U.S. and U.S.S.R. scientists have agreed on a proposal to establish a "world weather watch" for improved collection, analysis, and dissemination of world weather information by means of conventional weather techniques and weather satellites. Dr. Harry Wexler, Director of Research, U.S. Weather Bureau, and Dr. Viktor A. Bugaev, Assistant Director of the Hydrometeorological Service, U.S.S.R., drafted the plan at the World Meteorological Organization headquarters in Geneva. Plan would call for expanded and improved weather observation by both conventional and satellite means, the establishment of world and regional weather centers to collect, analyze, and disseminate weather information, including participation by underdeveloped countries through pooling of their resources to develop regional weather forecasting centers. Soviet participation was indicated by Dr. Konstantin T. Logvinov, Deputy Director of U.S.S.R.'s Hydrometeorological Service. He indicated possibility of Soviet weather satellites, although he said U.S.S.R. was not as advanced as U.S. in this area—"We are just learning from American experience"—and establishment in U.S.S.R. of a ground station to receive cloud-cover photos from satellites. The proposed global weather plan was to be submitted to the World Meteorological Organization May 22 and then to the U.N.

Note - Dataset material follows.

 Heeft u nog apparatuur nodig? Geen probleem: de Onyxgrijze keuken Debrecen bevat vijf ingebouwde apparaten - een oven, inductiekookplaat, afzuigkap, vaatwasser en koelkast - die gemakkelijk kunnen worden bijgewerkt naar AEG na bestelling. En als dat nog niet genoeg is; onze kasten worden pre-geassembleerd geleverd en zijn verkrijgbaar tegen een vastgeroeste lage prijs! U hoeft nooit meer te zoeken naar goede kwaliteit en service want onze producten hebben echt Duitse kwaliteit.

First International Symposium on Rocket and Satellite Meteorology opened in Washington, D.C. Attended by some 500 delegates from more than 20 nations, the conference was sponsored by the World Meteorological Organization, the International Union of Geodesy and Geophysics, and the Committee on Space Research of the International Council of Scientific Unions. It was hoped that the symposium would lead to an international sounding rocket program during the International Year of the Quiet Sun in 1964-65.

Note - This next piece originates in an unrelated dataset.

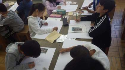 自分の心に残った絵や写真から,イメージをふくらませます。

National Council of the Federation of American Scientists adopted a policy statement that space activities should be classified only when there are compelling military reasons.

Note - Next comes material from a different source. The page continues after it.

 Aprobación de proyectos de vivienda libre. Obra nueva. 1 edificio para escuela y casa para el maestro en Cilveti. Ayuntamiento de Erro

In Voice of America broadcast, Dr. Leo Goldberg of the Harvard College Observatory reported that the accumulation of knowledge in solar physics is proceeding "at a fantastic rate, due to the inherent importance of the subject coupled with a sudden fusing of new instrumental techniques and theoretical ideas." Dr. Goldberg noted that sun spots in the photosphere have been the object of intense study since Galileo but that "observations have not yet been synthesized to provide even an accurate description of their physical nature, let alone the mechanism of their origin." Crediting high-altitude rockets for initial detection and occasional study of bidden solar radiation, detailed study requires continuous observation of the sun on a 24-hour basis, which "can only be accomplished with the aid of one or more satellite observatories." National Academy of Sciences awarded the J. Lawrence Smith Medal for outstanding achievement in the investigation of meteoric bodies to Dr. Harold C. Urey of the University of California of San Diego. The award was based upon Dr. Urey's many publications on the chemical composition of meteorites, only one of his most recent fields of interest. He received the Nobel Prize for Chemistry in 1934. After World War II he launched into speculations concerning the origin of the solar system, the cosmic abundance of the elements, the composition and structure of the moon and the planets, the latter work depending upon his chemical analysis of meteorites.